I'm not sure you have it quite right. From 2010-2012, I released five books which, in time, made back their initial costs of publishing. For several of these books, it took up to two years for that to happen. The profit I've made on the books beyond that has been less than four digits, and over an extended period. It's not as though I'm one of those authors who pays their mortgage with my royalties. At best, my monthly royalties might help pay for a week of groceries, if I'm having a good month.

I've already cut back dramatically on costs of production. The only further thing I can cut now that is optional and not required as far as I am concerned is the marketing, the likes of which I do is barebones. I don't believe NOT marketing is an option when you decide to pursue writing as a business and not a hobby. Yes, I need to reassess what marketing I do, and to what extent. Yes, I can continue to publish books using the money I earn from my "real" jobs, and I will continue to do that if I must. This both because I believe in my product, and because there is a sustained albeit small demand for my product. I have invested thousands of dollars in building my platform. To suggest I don't have skin in the game is not accurate. There would be no game at this point without the significant pounds of flesh I've already given.
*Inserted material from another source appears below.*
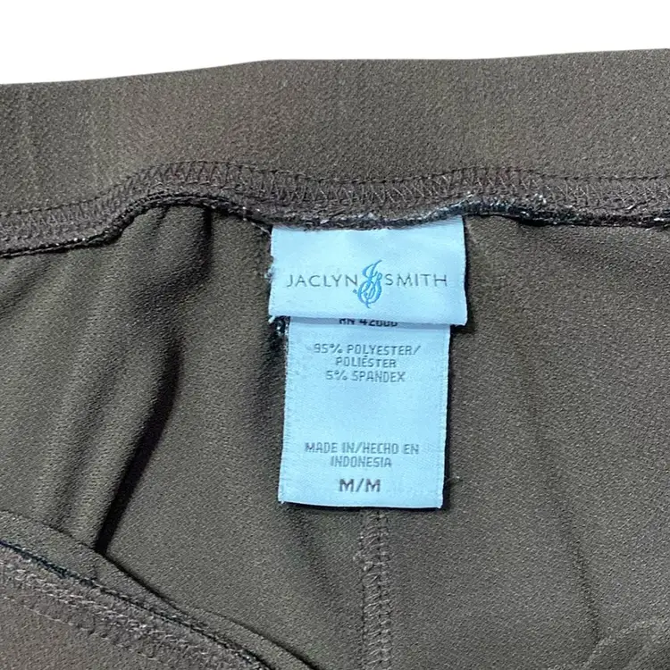 Brown comfortable elastic Jaclyn Smith medium pants. There is a snag as shown in the photos on the front right knee pants leg.

The biggest disconnect I believe is happening here is that many seem to believe asking and expecting are the same thing. I ask for patrons, but I don't expect people to just hand me money without purpose or prudence. In return, I provide them with opportunities for direct communication, insights into my plans, and the ability to give me feedback in advance of my taking actions. This is classical patronage. I'm not extorting anyone, I'm not making false claims, and I'm not threatening to stop writing if they don't agree or want to participate. I'm just telling it like it is: this is something I like doing, it produces an artistic product they enjoy, and I would like to continue both for their benefit and mine. I can do it alone. I can do it better and faster with help, and with the object of help being the expansion of a readership so that the impetus for my asking for help in the future is removed.


----------



## lilywhite (Sep 25, 2010)

.


----------



## TheGapBetweenMerlons (Jun 2, 2011)

MeganBryce said:


> Editing, like writing, is a skill. It can be learned.
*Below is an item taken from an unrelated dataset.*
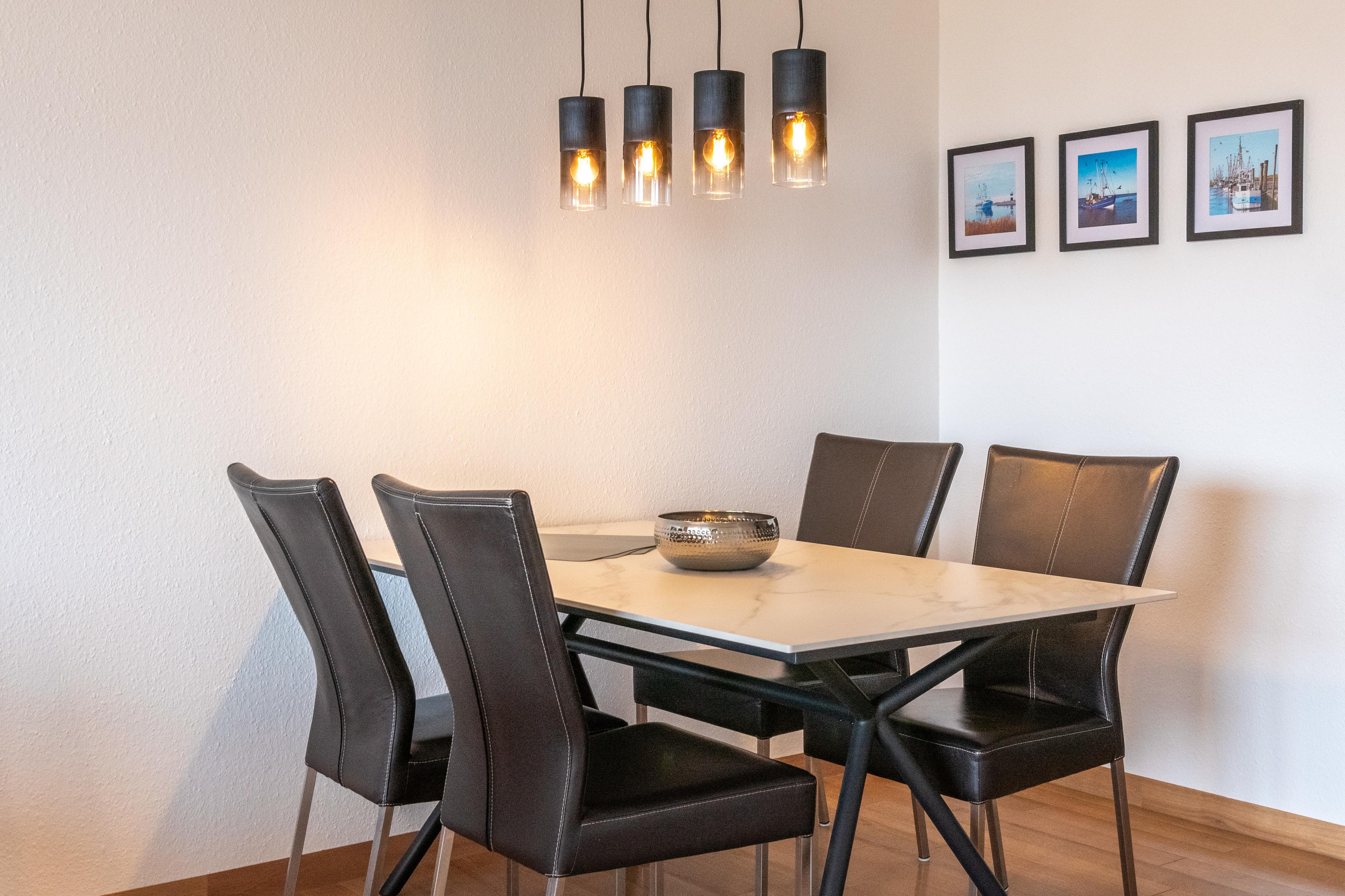 Der Wohnbereich geht fließend über in den Essbereich, in welchem Sie einen großen Designmassivholztisch mit bequemen Stühlen finden.

So can eye surgery, or embalming. Just because a skill can be learned does not mean you should expect to get good results performing it on yourself. Even a great editor should not edit his or her own work; good editing requires detachment from the manuscript, something the author _can not achieve_.


----------



## Gertie Kindle (Nov 6, 2008)

A mailing list with 900 readers on it is not to be sneezed at. I remember reading somewhere around here that all you need for success is 1,000 dedicated readers on your mailing list. Now, if you list consists of people that only signed up to get something free, then that's a different story.

Even if your "patrons" fund your next book, you need a new marketing strategy. Cheaper does not necessarily mean ineffective. Freebooksy and ENT are just two of the very reasonably priced sites. 

Are any of your books in a series? I find that the first book permafree in a series is the most effective strategy. If you don't have any series, can you write a prequel to one or more of your books that you can make permafree? Novella length works fine. 

I honestly don't think I'd write anything less than a trilogy every again.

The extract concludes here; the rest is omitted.